Somatic variant detection

To call somatic variants, a number of steps are followed.

Firstly, positions of interest that may contain variation not due to sequencing errors are identified. This identification is subject to user-controllable parameters (see the options under Variant detection and Variant detection general filters, LightSpeed Fastq to Somatic Variants). Groups of adjacent positions of interest form a cluster. Often, such a cluster is just a single position, but it may be arbitrarily long.

For each of these clusters, all overlapping read fragments are reduced to their intersection with the sites of the cluster. These reduced fragments are then used in the further analysis of the cluster.

To identify which underlying haplotypes are present within a given cluster, the pairwise compatibility of the fragments is determined. Once this is known, the largest groups of such pairwise-compatible fragments are formed. Each nonconflicting group is then turned into a haplotype candidate by piecing together the information from the fragments within the group.

Once a list of haplotypes believed to be present in a given region is constructed, each of them needs to be assigned a count. Counts are assigned per-position to the haplotypes. In doing so, the haplotype-based per position counts are compared to the fragment-based per position counts to make sure the cumulative difference for all positions is minimized. This ensures assigning the counts that best reconcile the observed fragments with the underlying haplotypes.

Notes

In contrast to the germline variant caller (Germline variant detection), the somatic variant caller makes no assumptions about the ploidy of a sample, and thus allows for sensitive detection of variant alleles at any, and low, frequencies.

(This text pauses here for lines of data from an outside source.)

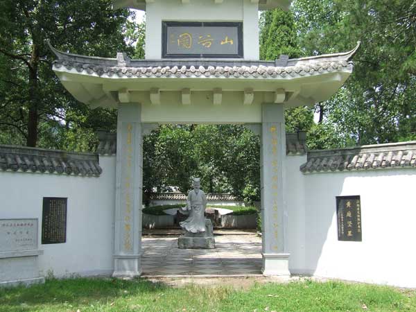 黄庭坚墓坐落在双井村西南,墓茔坐北朝南.黄庭坚(1045—1105),北宋治平四年(1067)进士,崇宁四年(1105) 9月客死在宜州(今广西宜山县)贬所,其墓是大观三年(1109)苏仙固、蒋纬护柩归葬双井祖茔之西,其墓宋代以来多次维修,1959年被列为江西省文物保护单位。1982年江西省人民政府拨款予以全面维修.修复后陵高1.93米,直径2076米.在召开黄庭坚960周年研讨会前,县政府又拨款对陵园进行了重修。陵园南面对着开阔的田野和远处的修河,南面大门楼上方有我国书法协会沈鹏同志的“山谷园”亲笔题词,左右两边题有“杭山拥翠碧水扬波此处诗魂称鼻祖,左史垂名右军揽胜先生笔法耀千秋”长联。四周是水泥围墙,墙外是一圈挺拔的白杨。据传说五六十年代墓地全是合抱的松、柏,可惜“大跃进”与“文革”时都被砍光……迎面是一尊黄庭坚的石雕,石雕四周用南京的雨花石铺地。然而据传说原来迎面是一堵类似照壁的短墙,中间镶刻着诗人的碑刻小像。像右上方镌刻着诗人自撰翁方纲书的偈语:似僧有发,似俗无尘。作梦中梦,见身外身。两侧为“看黄庭有味,笑白发无颜”的对联.碑像后是半球形的墓冢,墓前四柱三碑,两边的石碑上刻有诗人的生平,中碑则书刻“宋谥黄文节公之墓”,此碑为民国六年(1917年)修水知事所立,“文革”中散失,80 年代修墓时找回,陵园墓道回环,置有石椅,植有花木。墓地左边有一块田沟,菜园,到处盛开着一簇簇、一片片美丽的小花,它叫药菊,另一片是绿油油的茶园。
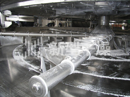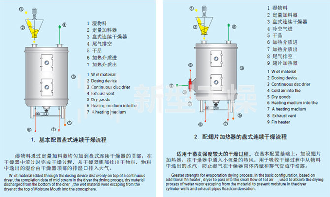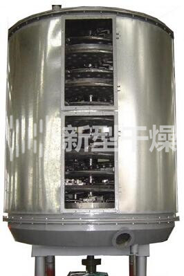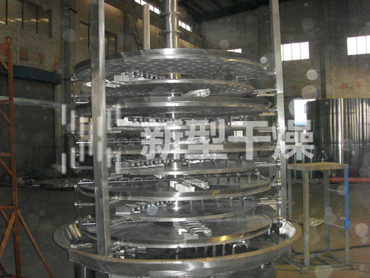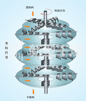 湿物料自加料器连续地加到干燥器上部第一层干燥盘上,带有耙叶的耙臂作回转运动使耙臂作回转运动使耙叶连续地翻抄物料。物料沿指数螺旋线流过干燥盘表面,在小干燥盘上的物料被移送到外缘,并在外缘落到下方的大干燥盘外缘,在大干盘上物料向里移动并从中间落料口落如下一层小干燥盘中。大小干燥盘上下交替排列,物料得以连续地流过整个干燥器。中空的干燥盘内通入加热介质,加热介质形式有饱和蒸汽、热水和导热油,加热介质由干燥盘的一端进入,从另一端导出。已干物料从下一层干燥盘落到壳体的底层,然后被耙叶移送到出料口排出。湿份从物料中逸出,由设在顶盖上的排湿口排出,真空型盘式干燥器的湿气由设在顶盖上的真空泵口排出。从底层排出的干物料可直接包装。通过配加翅片加热器、溶剂回收冷凝器、袋式除尘器、干料返混机构、引风机等辅机,可提高其干燥的生产能力,干燥膏糊状和热敏性物 料,可方便地回收溶剂,并能进行热解和反应操作。
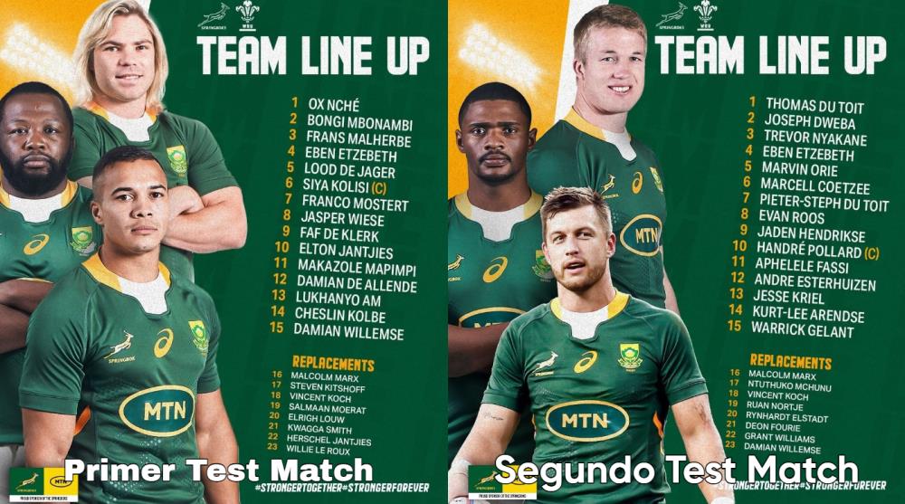 Además, el experimentado apertura campeón del Mundo en 2019, Handre Pollard, regresa a los Springboks luego de no participar en la primera prueba, asumirá la capitanía de Siya Kolisi esta fin de semana.
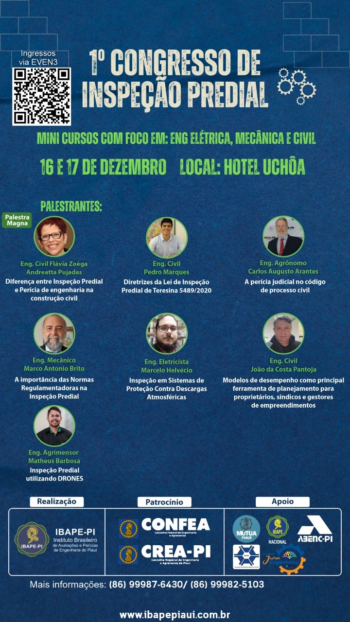 A presidente do Ibape-PI comenta que o evento está tendo uma aceitação muito boa entre os setores público e privado. “Temos três palestrantes, inclusive remotamente. Ele abrange profissionais até da área de administração de condomínios para alavancar a lei da inspeção predial para que ela não fique engavetada. A gente trabalhou bastante para a aprovação da lei. Agora, vamos partir para que os municípios maiores tenham suas leis até porque são municípios centenários que precisam ser mantidos nos três polos maiores do Estado: Picos, Parnaíba e Floriano”, informa.
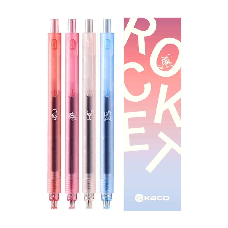 KACO Rocket Beach Sunset Gel Pen 0.5mm Black Ink 4 Pack
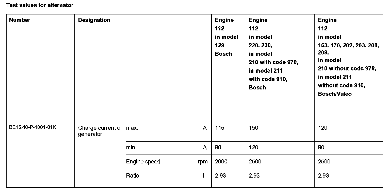 Test values for alternator:
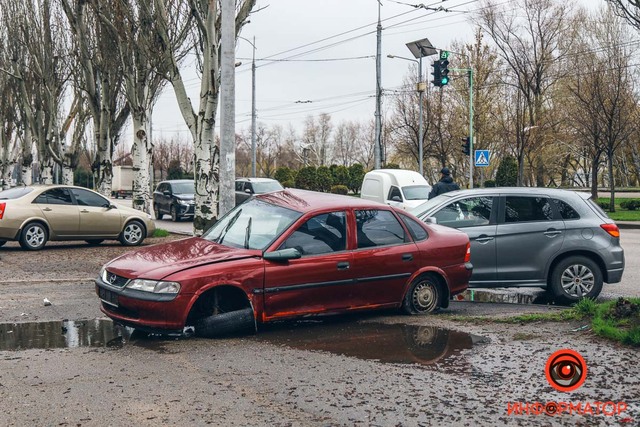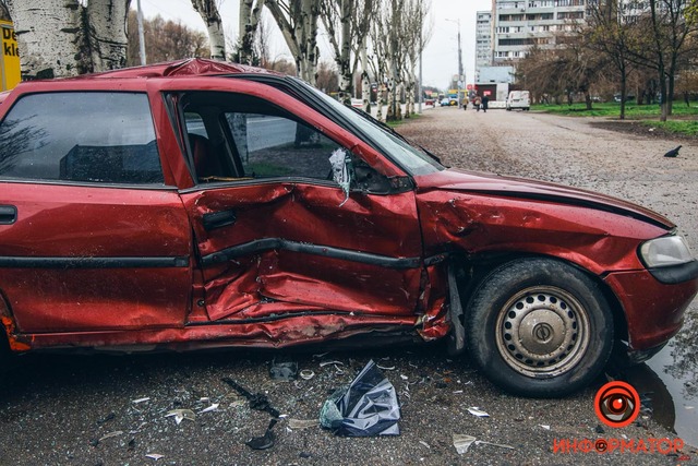 В Днепре на Маршала Малиновского столкнулись Opel и Mitsubishi: автомобили вынесло на тротуар
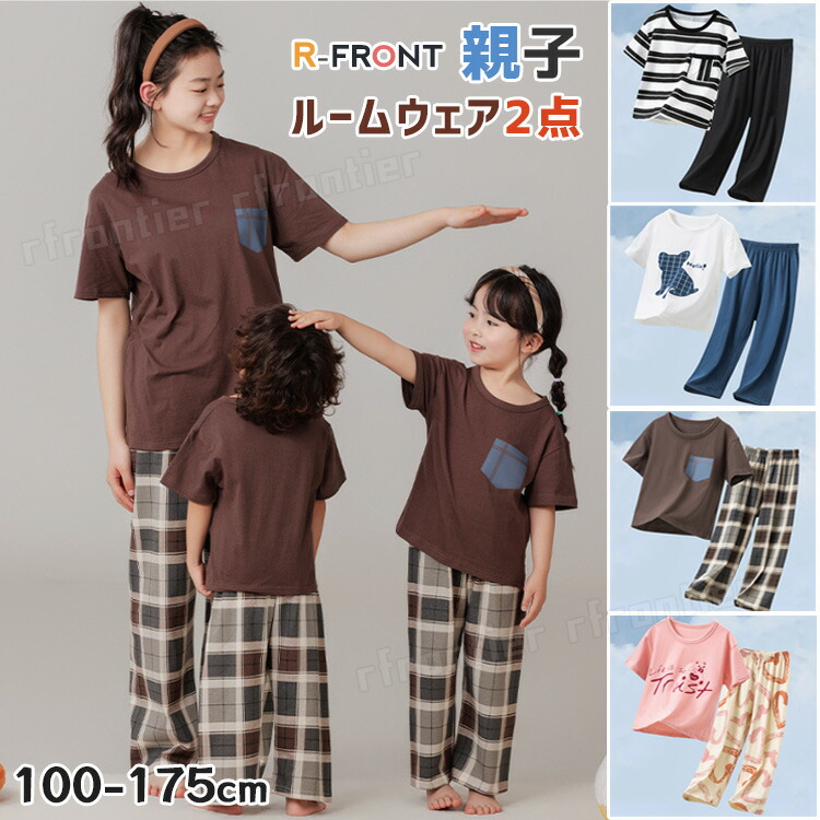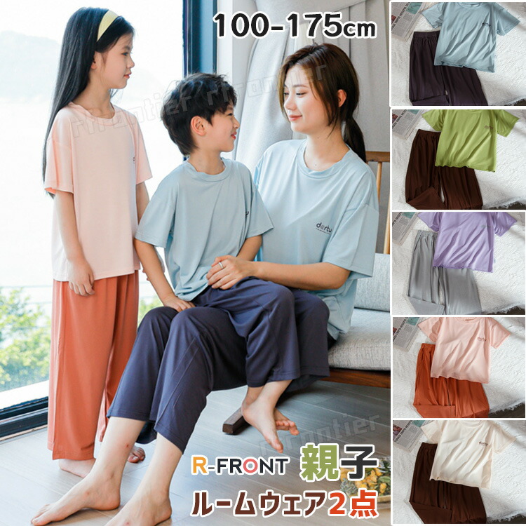 親子ルームウェア 2点セット パジャマ 無地 親子 ペアルック 半袖 トップス ズボン 親子お揃い 親子コーデ ママと娘 ハハ 娘 姉妹お揃い 家族で パパ

For insertions only, unaligned ends that are shorter than the full insertion, but matches the insertion sequence, contribute to the count and coverage.

Variant types

LightSpeed Fastq to Somatic Variants reports SNPs, MNVs and InDels and replacements provided that the variants are contained within at least one paired end read.

Variant annotations

Variants identified by LightSpeed Fastq to Somatic Variants are annotated with the following basic information: Chromosome, Region, Type, Reference, Allele, Reference allele, Length, Zygosity, Count, Coverage, Frequency, Forward read count, Reverse read count, Forward read coverage, Reverse read coverage, Forward/reverse balance and Genotype.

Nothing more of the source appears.